Ask the HOA Expert: Amendments To Governing Documents

Written by Posted On Tuesday, 17 April 2018 20:05

Question: Recently, our HOA members approved substantial amendments to the governing documents which include:

1. Sidewalks are now deemed common area even though the subdivision plat indicates that the sidewalks are located within a utility-and-sidewalk easement located on private lots.

2. An HOA landscape easement was created over the front yard of the privately owned lots.

3. The HOA claims authority to enter lots to inspect for compliance with architectural design restrictions.

Can the HOA legitimately claim these rights?

Answer: The HOA cannot vote itself ownership of property belonging to private owners without their consent. In this case, all lot owners would need to agree to relinquish ownership to the HOA. A majority vote can't force it. Same answer for the landscape easement. The HOA has no authority to commandeer private property by member vote.

The third item is different. As long as the HOA has the right to dictate architectural design standards, it has the right to inspect for compliance.

Question: I've heard that special assessments have to be kept in an escrow account and cannot be used until all owners have paid. Is this true?

Answer: It depends. Special assessments should be kept in a designated account if they are to be used for a specific purpose, like repairing roofs. If the special assessment is simply to build reserves, the funds can be put in the general reserve fund. There is no requirement that an entire special assessment has to be collected before it's spent, however, if all the money is needed to pay for a specific project, the board needs to be careful about starting a project without the money to pay for it.

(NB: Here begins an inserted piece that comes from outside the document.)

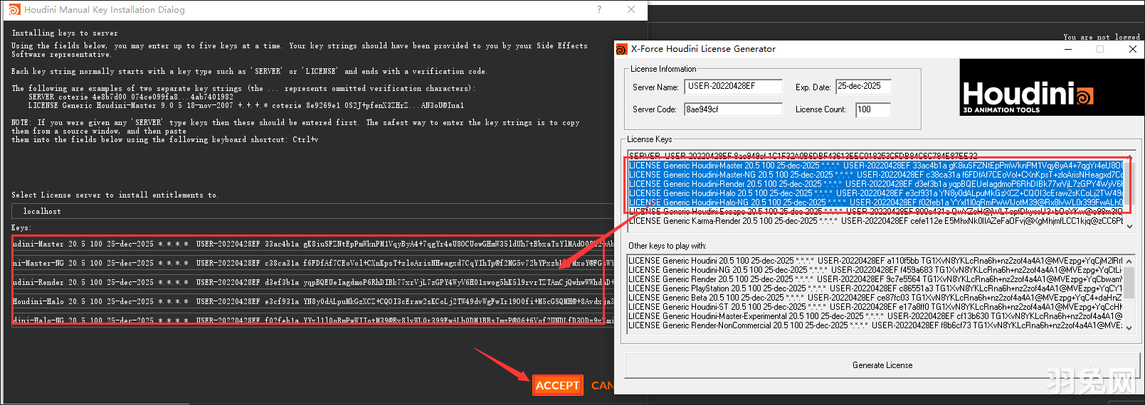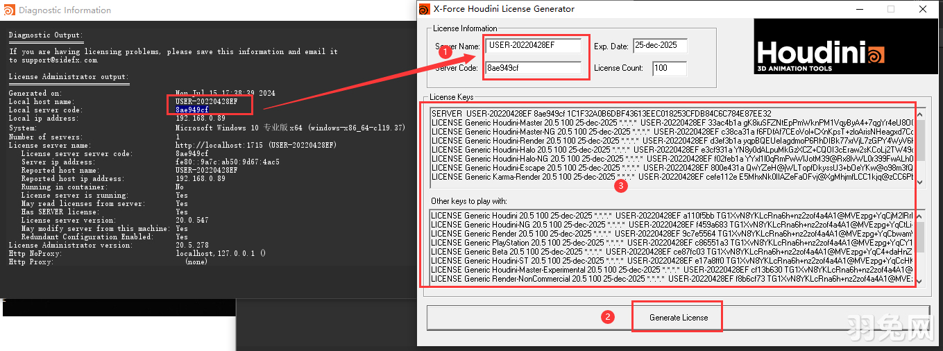 8、打开注册机houdini_21_0_keygen.exe,输入Server Name 和 Server Code,点击Generate Keys生成License;

Question: One of our board member is pursuing a personal agenda. He performs unauthorized maintenance and pesters unit owner about minor rule infractions. What can we do?

Answer: Communicate with him directly, clearly and specifically. Explain that performing unauthorized maintenance undermines the budget and the system for addressing maintenance. Provide him details about specific complaints by owners. Explain that his independent actions undermine board authority.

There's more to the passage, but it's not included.